• **How to complete this task**
Please return the full listing exactly as written, with the images removed.

• **Recorded data**
========

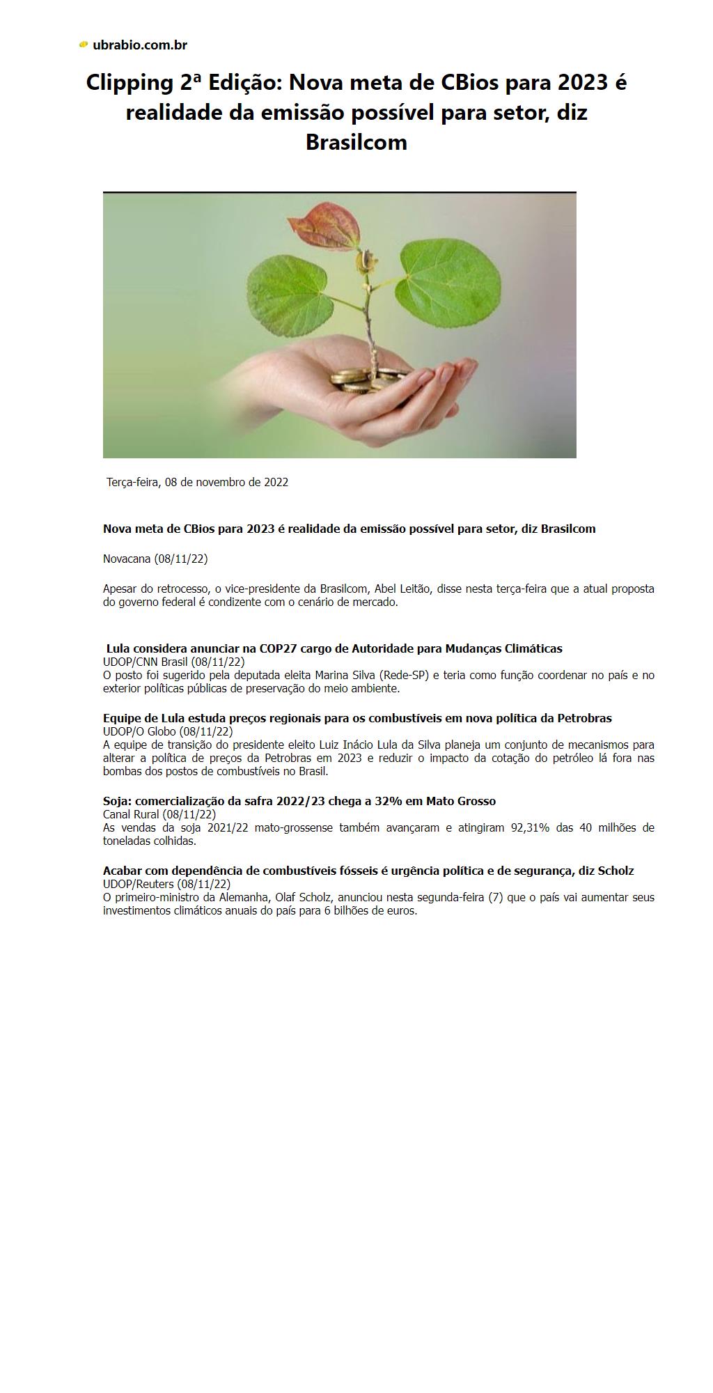 Clipping 2ª Edição: Nova meta de CBios para 2023 é realidade da emissão possível para setor, diz Brasilcom
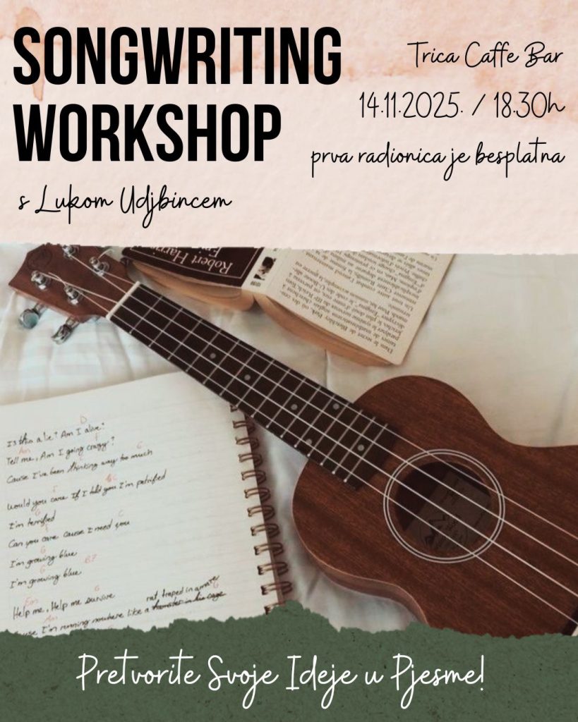 Želite li naučiti kako napisati pjesmu od početka do kraja? Imate li ideje za tekstove i melodije, ali ne znate kako ih strukturirati u cjelovitu glazbenu priču? Pridružite nam se ovog petka 14.11.2025. u 18.30h na intenzivnoj „Songwriting“ radionici koju vodi Luka Udjbinac, višestruko nagrađivani multi-instrumentalist i magistar jazz kompozicije koji je do sada napisao više od 5.000 minuta glazbe.
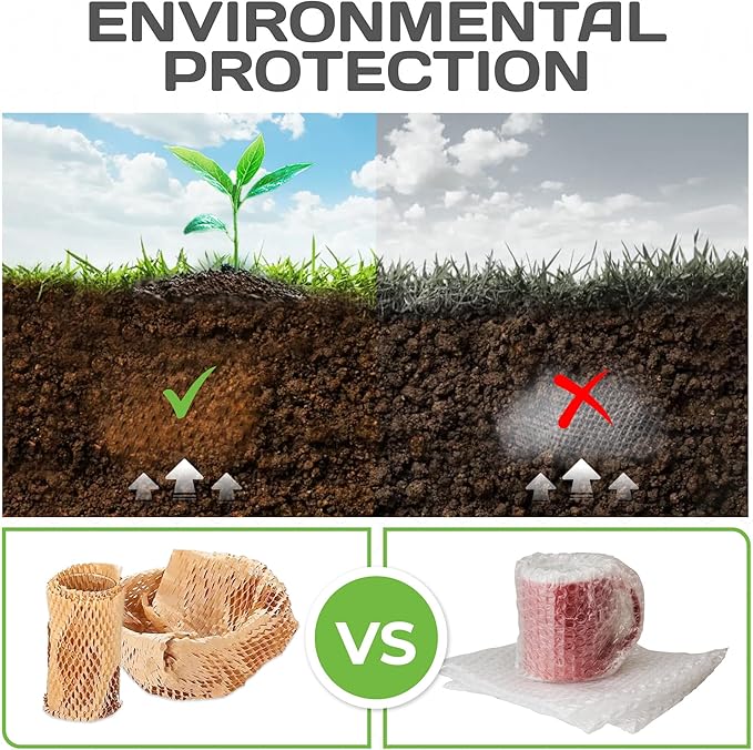 - ECO-FRIENDLY AND SUSTAINABLE – Our honeycomb packing paper is made from PEFC-certified Canadian paper that is 100% sustainable and replaces traditional plastic and bubblewrap for packing, offering an environmentally-friendly solution without compromising on protection for fragile items during shipment.

========

• **Exercise result**
 Clipping 2ª Edição: Nova meta de CBios para 2023 é realidade da emissão possível para setor, diz Brasilcom
 Želite li naučiti kako napisati pjesmu od početka do kraja? Imate li ideje za tekstove i melodije, ali ne znate kako ih strukturirati u cjelovitu glazbenu priču? Pridružite nam se ovog petka 14.11.2025. u 18.30h na intenzivnoj „Songwriting“ radionici koju vodi Luka Udjbinac, višestruko nagrađivani multi-instrumentalist i magistar jazz kompozicije koji je do sada napisao više od 5.000 minuta glazbe.
 - ECO-FRIENDLY AND SUSTAINABLE – Our honeycomb packing paper is made from PEFC-certified Canadian paper that is 100% sustainable and replaces traditional plastic and bubblewrap for packing, offering an environmentally-friendly solution without compromising on protection for fragile items during shipment.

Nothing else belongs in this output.